**What you should do:** Among the lines below, output only those between the line holding "法尔考带领着残兵们防守光辉之" and the line holding "This Watermannr. 5", inclusive, exactly as written and with no pictures.

===== Data for this exercise =====

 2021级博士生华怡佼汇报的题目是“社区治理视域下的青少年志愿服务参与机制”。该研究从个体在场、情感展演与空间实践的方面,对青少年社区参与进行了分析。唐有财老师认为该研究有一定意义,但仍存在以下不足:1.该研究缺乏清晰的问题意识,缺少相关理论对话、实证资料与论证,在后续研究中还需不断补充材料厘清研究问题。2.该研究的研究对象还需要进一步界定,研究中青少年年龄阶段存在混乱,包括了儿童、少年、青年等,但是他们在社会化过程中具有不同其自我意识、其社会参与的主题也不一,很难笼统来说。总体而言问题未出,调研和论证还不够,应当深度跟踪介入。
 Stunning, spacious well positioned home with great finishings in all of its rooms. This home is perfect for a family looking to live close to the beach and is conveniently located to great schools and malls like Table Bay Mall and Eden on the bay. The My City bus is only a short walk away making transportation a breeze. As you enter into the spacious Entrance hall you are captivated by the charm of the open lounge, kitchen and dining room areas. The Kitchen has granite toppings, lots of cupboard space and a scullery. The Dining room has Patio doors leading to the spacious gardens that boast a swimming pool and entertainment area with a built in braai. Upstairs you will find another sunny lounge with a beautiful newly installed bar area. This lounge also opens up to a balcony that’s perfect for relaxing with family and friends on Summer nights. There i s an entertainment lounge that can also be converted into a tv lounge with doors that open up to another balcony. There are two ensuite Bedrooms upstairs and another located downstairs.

=====
===== Data for this exercise =====

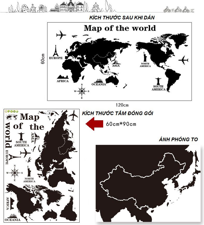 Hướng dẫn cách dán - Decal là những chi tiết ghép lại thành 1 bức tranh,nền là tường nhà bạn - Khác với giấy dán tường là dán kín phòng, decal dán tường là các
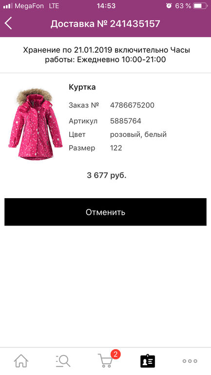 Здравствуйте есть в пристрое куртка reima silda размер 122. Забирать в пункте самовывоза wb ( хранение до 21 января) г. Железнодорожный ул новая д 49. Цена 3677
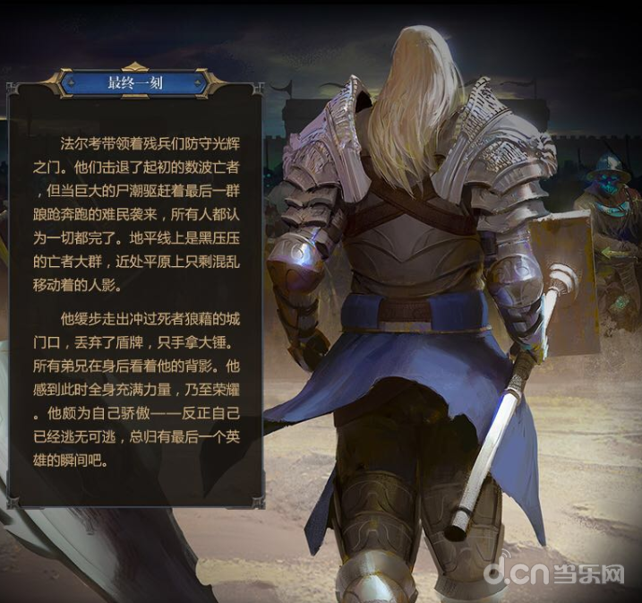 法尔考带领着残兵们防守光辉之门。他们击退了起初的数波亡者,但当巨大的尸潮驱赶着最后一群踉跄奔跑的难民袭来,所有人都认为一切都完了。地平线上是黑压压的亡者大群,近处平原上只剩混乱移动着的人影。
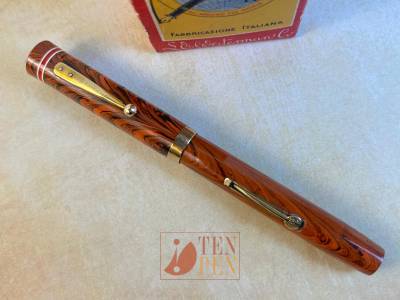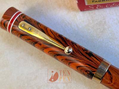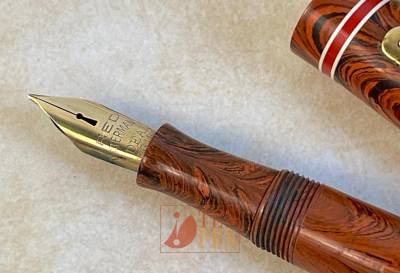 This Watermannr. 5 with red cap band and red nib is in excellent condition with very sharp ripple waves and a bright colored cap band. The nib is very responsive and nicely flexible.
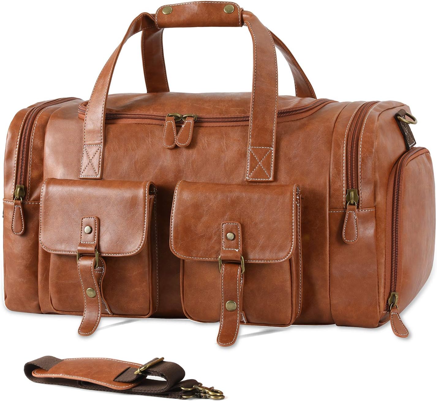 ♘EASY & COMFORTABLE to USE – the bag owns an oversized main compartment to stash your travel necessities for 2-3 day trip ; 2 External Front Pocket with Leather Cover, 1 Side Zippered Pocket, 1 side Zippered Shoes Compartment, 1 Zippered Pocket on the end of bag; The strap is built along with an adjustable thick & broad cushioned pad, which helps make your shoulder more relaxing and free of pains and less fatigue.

=====
===== Data for this exercise =====

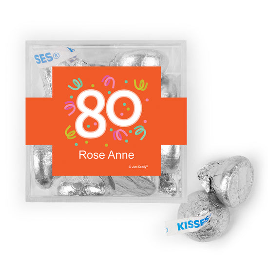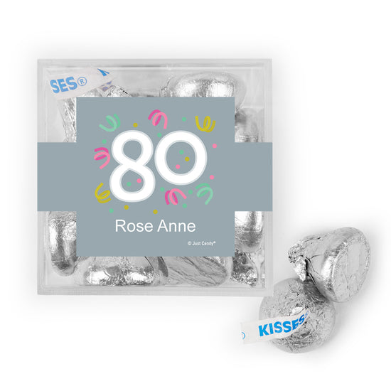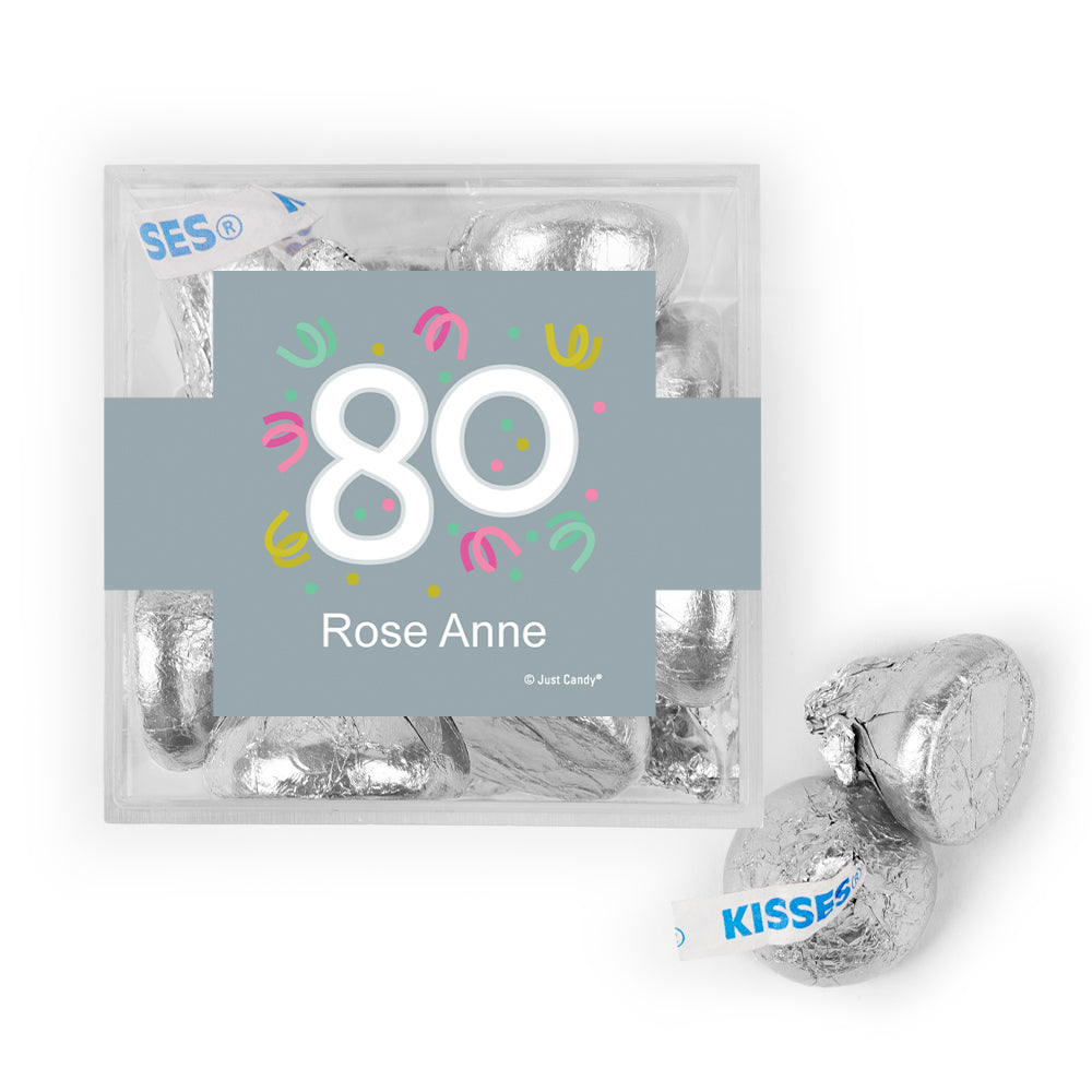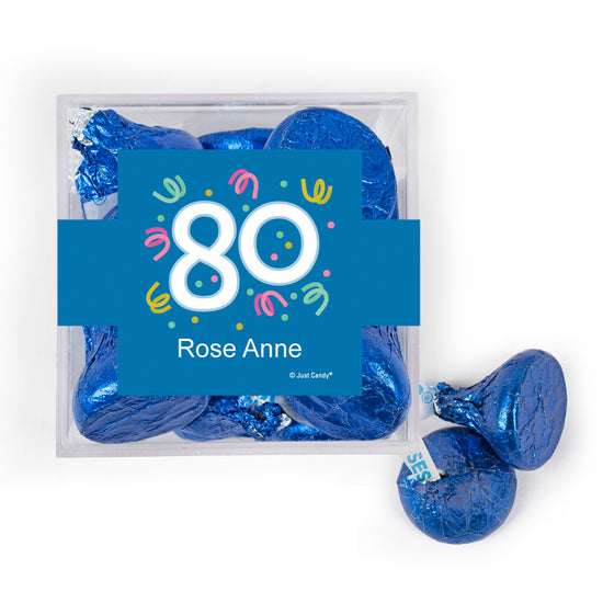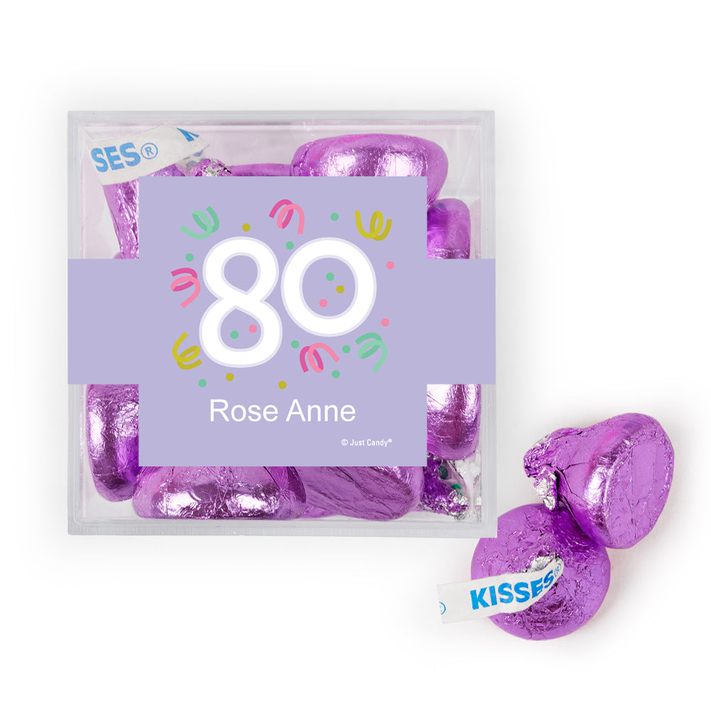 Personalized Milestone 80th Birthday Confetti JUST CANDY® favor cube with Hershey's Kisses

=====

**Your solution:**
 法尔考带领着残兵们防守光辉之门。他们击退了起初的数波亡者,但当巨大的尸潮驱赶着最后一群踉跄奔跑的难民袭来,所有人都认为一切都完了。地平线上是黑压压的亡者大群,近处平原上只剩混乱移动着的人影。
 This Watermannr. 5 with red cap band and red nib is in excellent condition with very sharp ripple waves and a bright colored cap band. The nib is very responsive and nicely flexible.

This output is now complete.